Source material ::
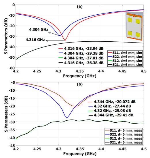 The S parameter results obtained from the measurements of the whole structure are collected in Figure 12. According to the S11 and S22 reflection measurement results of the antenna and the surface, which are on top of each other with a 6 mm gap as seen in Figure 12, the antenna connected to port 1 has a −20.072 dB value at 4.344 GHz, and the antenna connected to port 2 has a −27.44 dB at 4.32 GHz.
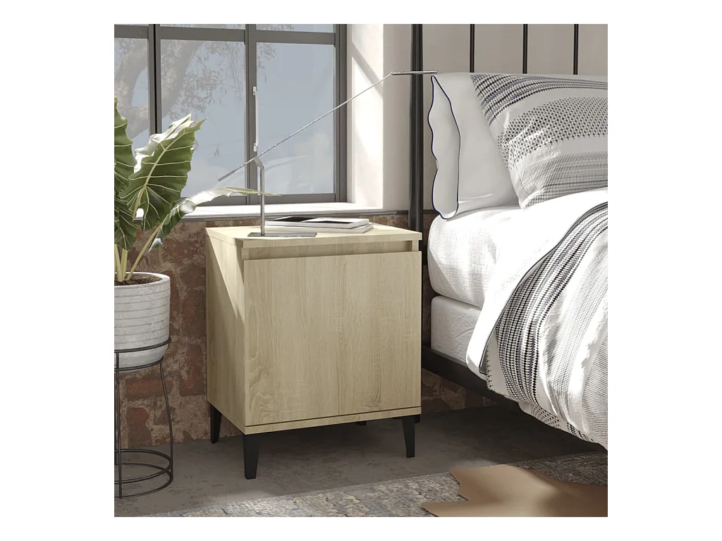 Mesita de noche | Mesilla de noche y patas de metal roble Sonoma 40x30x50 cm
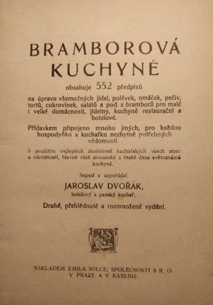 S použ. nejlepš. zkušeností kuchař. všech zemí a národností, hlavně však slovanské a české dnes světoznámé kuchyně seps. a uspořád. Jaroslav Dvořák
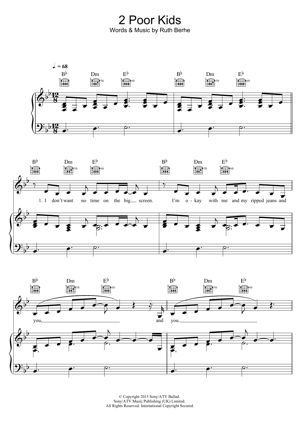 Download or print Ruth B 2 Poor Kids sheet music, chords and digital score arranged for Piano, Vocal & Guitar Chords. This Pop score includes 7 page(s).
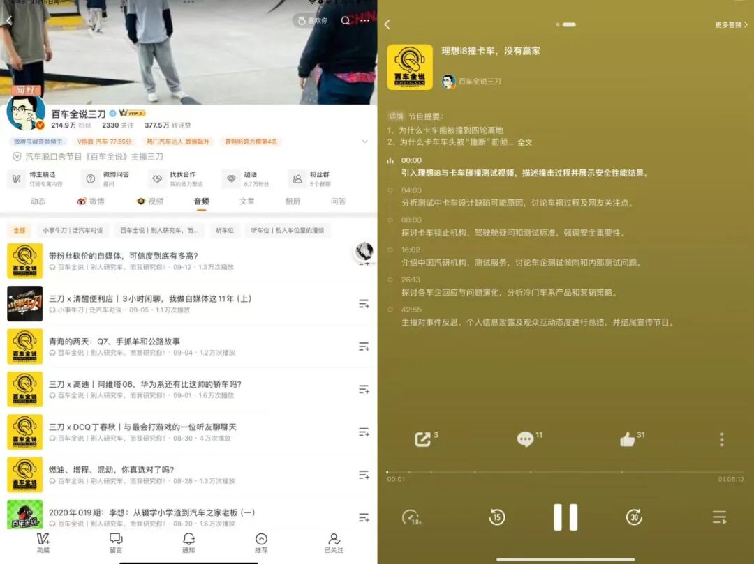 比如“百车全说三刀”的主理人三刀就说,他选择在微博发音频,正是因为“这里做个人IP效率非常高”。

Directions ::
Would you please retype all the data exactly? Leave out whatever pictures it holds.

Answer ::
 The S parameter results obtained from the measurements of the whole structure are collected in Figure 12. According to the S11 and S22 reflection measurement results of the antenna and the surface, which are on top of each other with a 6 mm gap as seen in Figure 12, the antenna connected to port 1 has a −20.072 dB value at 4.344 GHz, and the antenna connected to port 2 has a −27.44 dB at 4.32 GHz.
 Mesita de noche | Mesilla de noche y patas de metal roble Sonoma 40x30x50 cm
 S použ. nejlepš. zkušeností kuchař. všech zemí a národností, hlavně však slovanské a české dnes světoznámé kuchyně seps. a uspořád. Jaroslav Dvořák
 Download or print Ruth B 2 Poor Kids sheet music, chords and digital score arranged for Piano, Vocal & Guitar Chords. This Pop score includes 7 page(s).
 比如“百车全说三刀”的主理人三刀就说,他选择在微博发音频,正是因为“这里做个人IP效率非常高”。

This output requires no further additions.